- Claims 35K users currently on its platform, high rate of recurring users
- Expansion on the cards with undisclosed seed funding from East Ventures
IT is that oft-forgotten hassle travellers have to deal with: When people ask you to buy a product that is only available in the country you are going to. The requests can range from food all the way to bulky items, and you get that twinge of regret for saying ‘yes.’
This is where AirFrov steps in, by connecting travellers with buyers. These travellers now also get a commission, which sometimes can be a greater incentive than the shortlived gratitude of fairweather friends.
Describing itself as a peer-to-peer on-demand marketplace for overseas products, the idea for AirFrov came from cofounder and chief executive officer Cai Li’s own experience acting as his girlfriend’s ‘personal courier.’
“I actually travelled very often in my last job in the plastics business, and had to buy stuff for my girlfriend on almost every trip,” he laments.
“I learnt from my air-crew friends that a lot of people were doing it on a weekly basis – the supply and demand existed, but there was no platform to connect travellers to buyers,” he says, speaking recently to Digital News Asia (DNA).
Thus AirFrov was launched in the first quarter of 2015, and managed to get 35,000 users on board within a year, according to Li.
“The feedback has been very good, the percentage of recurring users is very high,” he claims.
“The main feedback has been that without AirFrov, the only solution is to ask their friends; for some of them, there is no other solution than AirFrov,” he adds.
Mechanics and pitfalls
The mechanics on the AirFrov platform are simple enough: Travellers post information on their trips, while potential buyers post what they want. Should the traveller take up a request, he or she either arranges to hand it off to the buyer personally or via a third-party courier service.
“After the traveller accepts a request, the buyer has to make a deposit of the full amount and the commission for the traveller, and we hold it in escrow for the traveller until the product is delivered,” says Li.
“We do charge a transaction fee of 7% and S$2 (US$1.42) for the bank transfer fee. The buyer will pay us via a credit card for now, which is the easiest and fastest way,” he adds.

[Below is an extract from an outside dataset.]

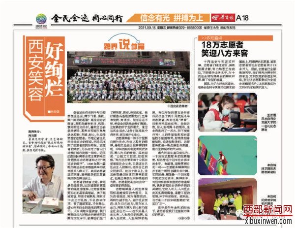 编者按:著名文化学者肖云儒老师为十四运志愿者创作题为《西安笑容好绚烂》一文刊登于华商报。

As for possible product mismatches, Li stresses that it is the traveller’s responsibility to ensure the item is the correct one.
“We do not moderate users, but we do step in to help during disputes and complaints” he says.
AirFrov had to deal with a chicken-and-egg problem at the start – it needed to get a good number of users on board to hit critical mass, Li acknowledges.
“Initially, there was the issue of trust, but after having been featured in a lot of news articles, this trust issue was solved,” he says.
The trust issue was also helped by the fact that AirFrov holds the money safely until the item is delivered, he adds.
There is also the issue of taxes and duties on items brought into Singapore. Li says that the Immigration and Checkpoints Authority reached out to AirFrov to educate its travellers on this.
“We do our due diligence to ensure our travellers are educated on the need to pay GST (Goods and Services Tax) because the responsibility lays with them,” he adds.
Singapore’s Customs department also has a new app that allows users to declare their items before they return, without the hassle of doing that at the Customs checkpoint itself, which Li says has been very helpful.
The AirFrov platform also includes a price engine to help travellers and buyers decide on the best price based on the item’s actual selling price, but ultimately leaving it to the two parties to negotiate terms.
“The cost is up to the two parties to negotiate, we do not come in with a set price for them because sometimes the travellers can earn a tax refund from their destination country, which can offset the GST,” says Li.
“There are disputes, but it is up to the two parties to negotiate – what we have is a price engine which tells users what the best price is based on past data on the platform, as well as prices grabbed off other websites.
“This helps users make an informed decision,” he adds.
AirFrov is currently looking to expand to other countries in the region, according to Li, although it is currently evaluating which markets would make the best bet.
It landed seed funding earlier from Spaze Ventures, and has just announced additional seed funding from East Ventures. The company has not disclosed either amount.
“Right now the team is very small, the main thing would be to hire key people to allow us to grow faster, from tech and operations to marketing,” says Li.